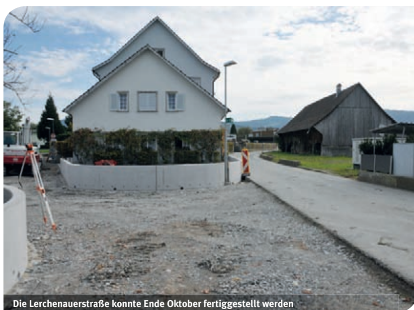
Die Lerchenauerstraße konnte Ende Oktober fertiggestellt werden

Vier Bauabschnitte wurden in den letzten Jahren an der Lerchenauerstraße fertiggestellt. Die Marktgemeinde Lauterach möchte sich an dieser Stelle bei allen Anrainern, sowie Straßen- und Radwegbenützern für das Verständnis der baubedingten Behinderungen bedanken.
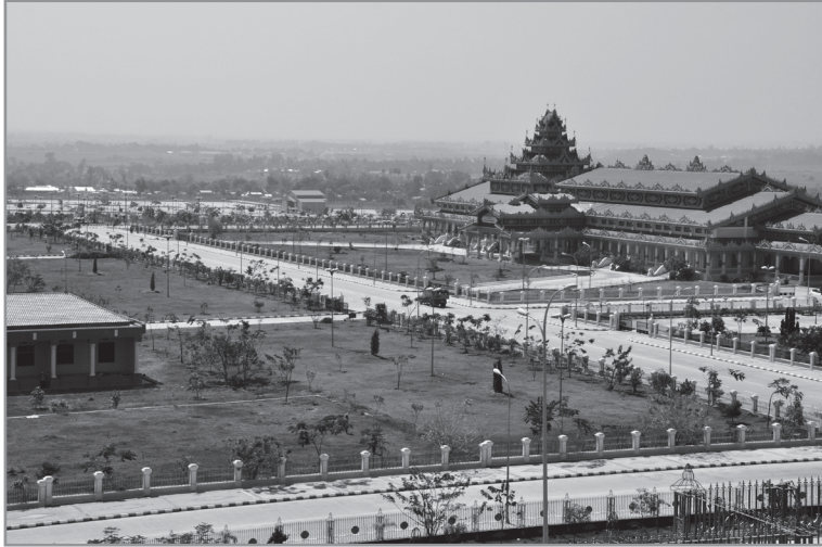
เนปิดอว์ เมืองหลวงใหม่ของเมียนมาร์

รัฐบาลเมียนมาร์ ภายใต้การบัญชาการของกระทรวงกลาโหม เมียนมาร์ได้ย้ายเมืองหลวงเมื่อ ค.ศ. 2002 จนสำเร็จ และมีการเฉลิมฉลองเมืองหลวงใหม่ เมื่อวันที่ 27 มีนาคม 2006
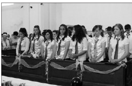
Torokszorító szép pillanatok voltak
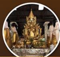
พระพุทธรูปบานอองหมื่นสงจ่าฮีน

2 วัน 1 คืน บินเช้า-กลับดึก 6,900.- เริ่มที่
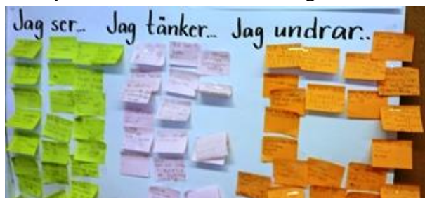
Exempel på arbete med strategier

I alla klassrum och korridorer i skolans alla byggnader finns en mängd pedagogiskt material på väggarna. Vi ser aktuella elevarbeten, pedagogiska planeringar, bedömningskriterier, strategier för lärande på Sickla skola och ämnesspecifika strategier i olika ämnen som exempelvis matematik och läsning.
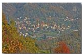
Autunno in Savignone 1

Pietro Marcheselli - Canon EOS 300D 2008 - Inverno - Savignone - Paesi
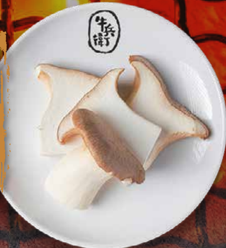
KING OYSTER MUSHROOM

########

## [Required action]
Once the pictures are removed, copy the material above exactly.

## [Answer space]
Die Lerchenauerstraße konnte Ende Oktober fertiggestellt werden

Vier Bauabschnitte wurden in den letzten Jahren an der Lerchenauerstraße fertiggestellt. Die Marktgemeinde Lauterach möchte sich an dieser Stelle bei allen Anrainern, sowie Straßen- und Radwegbenützern für das Verständnis der baubedingten Behinderungen bedanken.
เนปิดอว์ เมืองหลวงใหม่ของเมียนมาร์

รัฐบาลเมียนมาร์ ภายใต้การบัญชาการของกระทรวงกลาโหม เมียนมาร์ได้ย้ายเมืองหลวงเมื่อ ค.ศ. 2002 จนสำเร็จ และมีการเฉลิมฉลองเมืองหลวงใหม่ เมื่อวันที่ 27 มีนาคม 2006
Torokszorító szép pillanatok voltak
พระพุทธรูปบานอองหมื่นสงจ่าฮีน

2 วัน 1 คืน บินเช้า-กลับดึก 6,900.- เริ่มที่
Exempel på arbete med strategier

I alla klassrum och korridorer i skolans alla byggnader finns en mängd pedagogiskt material på väggarna. Vi ser aktuella elevarbeten, pedagogiska planeringar, bedömningskriterier, strategier för lärande på Sickla skola och ämnesspecifika strategier i olika ämnen som exempelvis matematik och läsning.
Autunno in Savignone 1

Pietro Marcheselli - Canon EOS 300D 2008 - Inverno - Savignone - Paesi
KING OYSTER MUSHROOM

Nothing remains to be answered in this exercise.